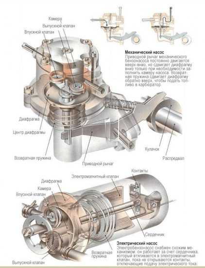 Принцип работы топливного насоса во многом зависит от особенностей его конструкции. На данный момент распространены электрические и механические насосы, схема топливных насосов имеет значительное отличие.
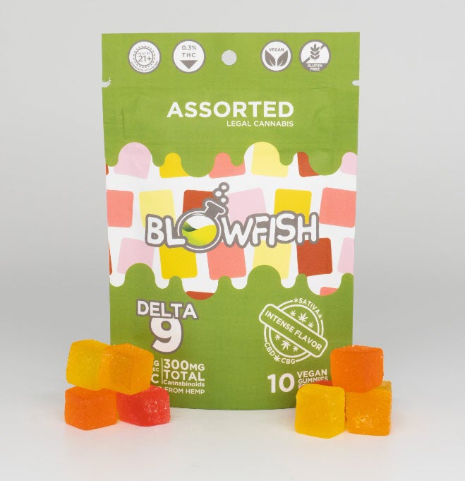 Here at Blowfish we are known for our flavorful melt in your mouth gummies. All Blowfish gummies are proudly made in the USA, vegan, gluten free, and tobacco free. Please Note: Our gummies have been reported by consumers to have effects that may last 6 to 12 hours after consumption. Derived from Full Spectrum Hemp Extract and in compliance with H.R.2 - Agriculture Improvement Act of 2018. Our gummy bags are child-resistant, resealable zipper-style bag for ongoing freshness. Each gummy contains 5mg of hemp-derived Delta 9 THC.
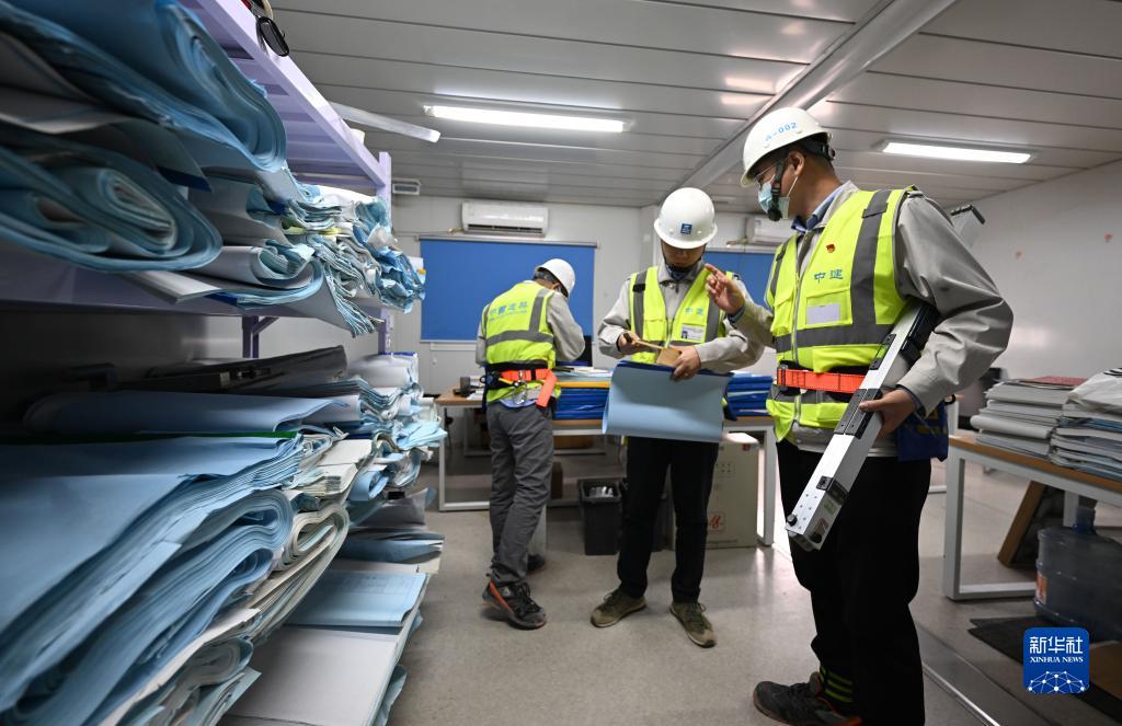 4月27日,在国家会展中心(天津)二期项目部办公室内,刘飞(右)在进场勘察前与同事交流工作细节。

---

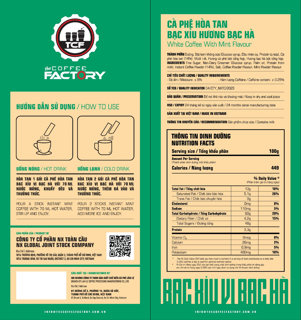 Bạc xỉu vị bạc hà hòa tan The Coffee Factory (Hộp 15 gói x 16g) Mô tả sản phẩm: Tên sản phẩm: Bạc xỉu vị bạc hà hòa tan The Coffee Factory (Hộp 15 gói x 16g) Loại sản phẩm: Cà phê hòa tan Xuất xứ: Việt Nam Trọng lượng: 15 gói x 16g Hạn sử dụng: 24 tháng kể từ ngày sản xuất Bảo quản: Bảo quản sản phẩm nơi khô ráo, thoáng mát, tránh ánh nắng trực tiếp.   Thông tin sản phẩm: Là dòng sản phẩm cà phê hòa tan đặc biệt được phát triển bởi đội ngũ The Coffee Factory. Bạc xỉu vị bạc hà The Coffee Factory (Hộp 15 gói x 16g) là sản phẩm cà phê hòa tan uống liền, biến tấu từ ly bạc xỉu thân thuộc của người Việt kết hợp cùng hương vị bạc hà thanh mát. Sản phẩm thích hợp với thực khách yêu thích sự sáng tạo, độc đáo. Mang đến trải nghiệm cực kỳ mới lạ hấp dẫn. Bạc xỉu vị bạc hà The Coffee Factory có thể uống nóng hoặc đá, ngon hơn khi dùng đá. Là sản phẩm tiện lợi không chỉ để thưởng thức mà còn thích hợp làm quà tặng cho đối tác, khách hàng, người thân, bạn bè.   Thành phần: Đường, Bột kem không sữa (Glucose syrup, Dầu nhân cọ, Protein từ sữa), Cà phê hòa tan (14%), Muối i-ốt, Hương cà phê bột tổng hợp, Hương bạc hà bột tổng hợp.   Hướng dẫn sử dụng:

Problem requirements:
Drop the pictures; return the lines above from the line containing "Принцип работы топливного" to the line containing "4月27日,在国家会展中心(天津)二期项", both included, exactly.

Solution for this task:
 Принцип работы топливного насоса во многом зависит от особенностей его конструкции. На данный момент распространены электрические и механические насосы, схема топливных насосов имеет значительное отличие.
 Here at Blowfish we are known for our flavorful melt in your mouth gummies. All Blowfish gummies are proudly made in the USA, vegan, gluten free, and tobacco free. Please Note: Our gummies have been reported by consumers to have effects that may last 6 to 12 hours after consumption. Derived from Full Spectrum Hemp Extract and in compliance with H.R.2 - Agriculture Improvement Act of 2018. Our gummy bags are child-resistant, resealable zipper-style bag for ongoing freshness. Each gummy contains 5mg of hemp-derived Delta 9 THC.
 4月27日,在国家会展中心(天津)二期项目部办公室内,刘飞(右)在进场勘察前与同事交流工作细节。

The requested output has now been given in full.